### Task brief
Drop every picture, then transcribe the remaining data exactly.

### Information shown
▬▬▬

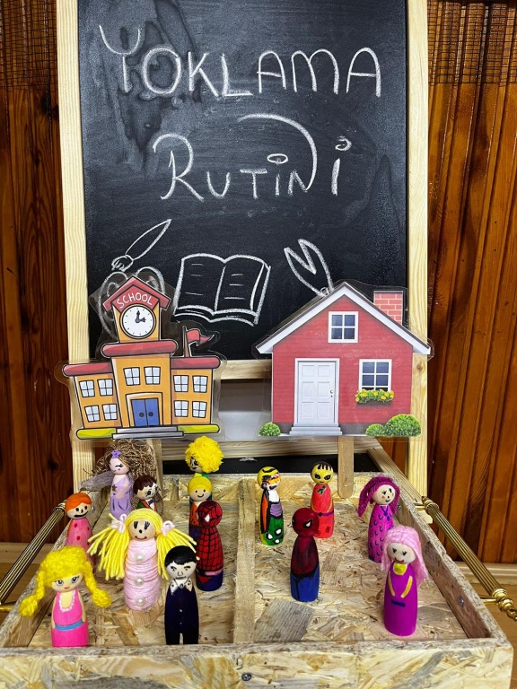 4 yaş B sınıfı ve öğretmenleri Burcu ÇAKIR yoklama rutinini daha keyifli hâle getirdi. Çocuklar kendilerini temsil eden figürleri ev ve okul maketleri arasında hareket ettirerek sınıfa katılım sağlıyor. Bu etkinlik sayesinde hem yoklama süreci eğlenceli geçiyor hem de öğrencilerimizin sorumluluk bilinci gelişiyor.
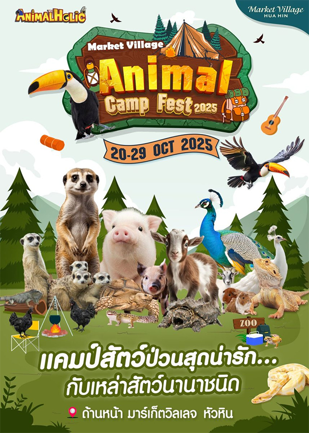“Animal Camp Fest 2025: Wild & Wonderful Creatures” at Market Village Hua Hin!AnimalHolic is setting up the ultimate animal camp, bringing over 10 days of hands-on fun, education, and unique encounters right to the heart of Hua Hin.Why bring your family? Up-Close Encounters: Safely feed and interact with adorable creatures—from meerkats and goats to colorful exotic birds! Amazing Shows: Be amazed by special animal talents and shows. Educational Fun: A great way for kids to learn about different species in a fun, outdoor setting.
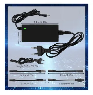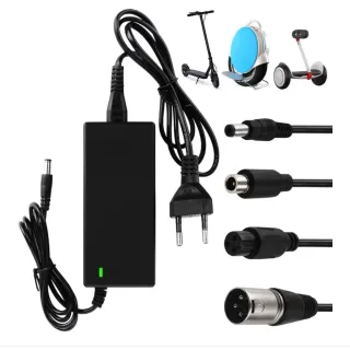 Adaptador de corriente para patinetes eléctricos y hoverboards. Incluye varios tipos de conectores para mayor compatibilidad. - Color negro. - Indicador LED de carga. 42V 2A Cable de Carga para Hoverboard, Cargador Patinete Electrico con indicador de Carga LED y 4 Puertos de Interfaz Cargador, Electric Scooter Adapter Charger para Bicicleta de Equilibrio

▬▬▬

### Answer for the task
 4 yaş B sınıfı ve öğretmenleri Burcu ÇAKIR yoklama rutinini daha keyifli hâle getirdi. Çocuklar kendilerini temsil eden figürleri ev ve okul maketleri arasında hareket ettirerek sınıfa katılım sağlıyor. Bu etkinlik sayesinde hem yoklama süreci eğlenceli geçiyor hem de öğrencilerimizin sorumluluk bilinci gelişiyor.
“Animal Camp Fest 2025: Wild & Wonderful Creatures” at Market Village Hua Hin!AnimalHolic is setting up the ultimate animal camp, bringing over 10 days of hands-on fun, education, and unique encounters right to the heart of Hua Hin.Why bring your family? Up-Close Encounters: Safely feed and interact with adorable creatures—from meerkats and goats to colorful exotic birds! Amazing Shows: Be amazed by special animal talents and shows. Educational Fun: A great way for kids to learn about different species in a fun, outdoor setting.
 Adaptador de corriente para patinetes eléctricos y hoverboards. Incluye varios tipos de conectores para mayor compatibilidad. - Color negro. - Indicador LED de carga. 42V 2A Cable de Carga para Hoverboard, Cargador Patinete Electrico con indicador de Carga LED y 4 Puertos de Interfaz Cargador, Electric Scooter Adapter Charger para Bicicleta de Equilibrio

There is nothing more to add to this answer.